6000 cas par semaine : hausse conséquente du nombre de cas d’infections des voies respiratoires
Hier, l’annonce du décès d’Aziz Joomun à l’hôpital Jeetoo a provoqué un vent de panique. Aussi bien auprès des patients que du personnel soignant de l’hôpital. D’autant que cette victime de 81 ans est décédée du virus H3N2, une autre souche, plutôt inconnue des Mauriciens, mais qui suscite la peur chez beaucoup, car ayant causé mort d’homme. Or, dans les milieux hospitaliers, comme l’a indiqué Anwar Husnoo, on fait ressortir qu’”une simple grippe peut aussi parfois tuer.” “Savez-vous combien de décès associés à la grippe sont survenus depuis le début de l’année, sans que personne n’en parle? Vous serez étonné du chiffre, parce que justement, personne ne le remarque”, dit un médecin chevronné qui fait ressortir que dans le monde, chaque année, quelque 250,000 à 500,0000 personnes meurent d’infections respiratoires liées à la grippe, et ajoute qu’en outre à Maurice, chaque année, plusieurs personnes meurent des suites d’une grippe sans que cela ne se sache dans le public.
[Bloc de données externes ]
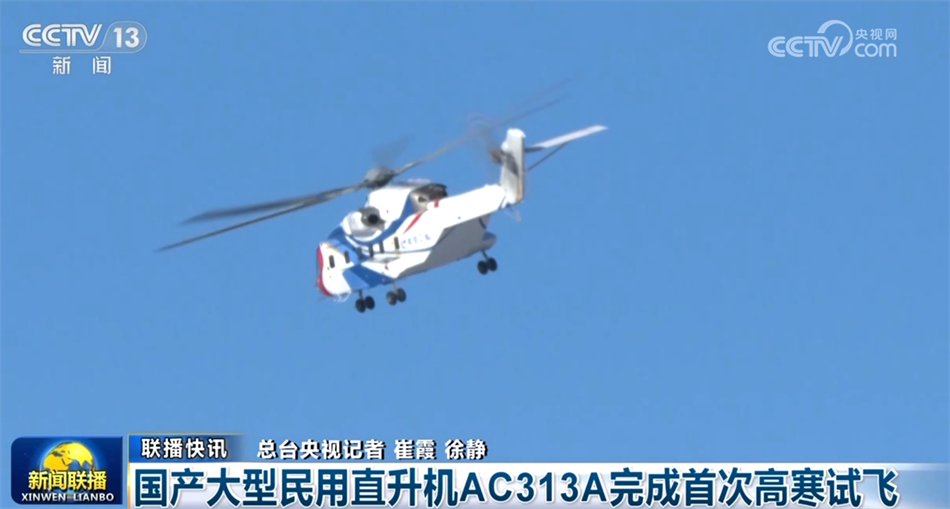 航空工业集团1月31日宣布,我国自主研制的大型民用直升机AC313A在漠河完成了首次高寒试飞,对直升机极限飞行速度、动力系统的低温启动试验等进行了验证。AC313A直升机可满足我国全疆域范围内的森林消防、搜索救援等多领域使用要求。

L’année dernière, entre le 30 mai et le 12 juin, pas moins de 10802 cas de grippe et d’infections aiguës des voies respiratoires ont été traités dans les hôpitaux publics. À la même période en 2016, 9314 cas avaient été répertoriés. Cet hiver, alors qu’entre le 16 et le 30 mai, il y a eu 6000 cas de grippe et le même nombre entre le 21 et le 27 mai, en quatre jours, soit entre le 28 et le 31 mai, plus de 8000 cas d’infections des voies respiratoires ont été enregistrés dans le public. Soit quelque 2000 à 3000 cas par jour autour de l’île, font remarquer les professionnels de santé, faisant ressortir qu’il existe un nombre comparable de consultations dans le privé. Ce qui leur fait dire que “le nombre de cas de grippe est en hausse en cette période; ce qui étonne, c’est que c’est en avance car habituellement, c’est en juillet qu’il y a une augmentation du nombre de malades.”
D’où l’appel à la vigilance. Les symptômes du virus H1NI sont les mêmes que ceux d’une grippe saisonnière avec, toutefois, une insistance de la toux sèche et des flegmes, principalement chez les personnes vulnérables. C’est pourquoi il faut prendre davantage de précautions, car le virus H1N1 peut être virulent chez certaines personnes. Outre la mise en quarantaine des patients dans les isolation wards des hôpitaux, en attendant leur guérison, et un suivi parallèle auprès de leurs proches, le personnel soignant, sur le pied d’alerte, pratique la vigilance en adoptant les mesures d’hygiène universelles, à savoir le port du masque et des gants.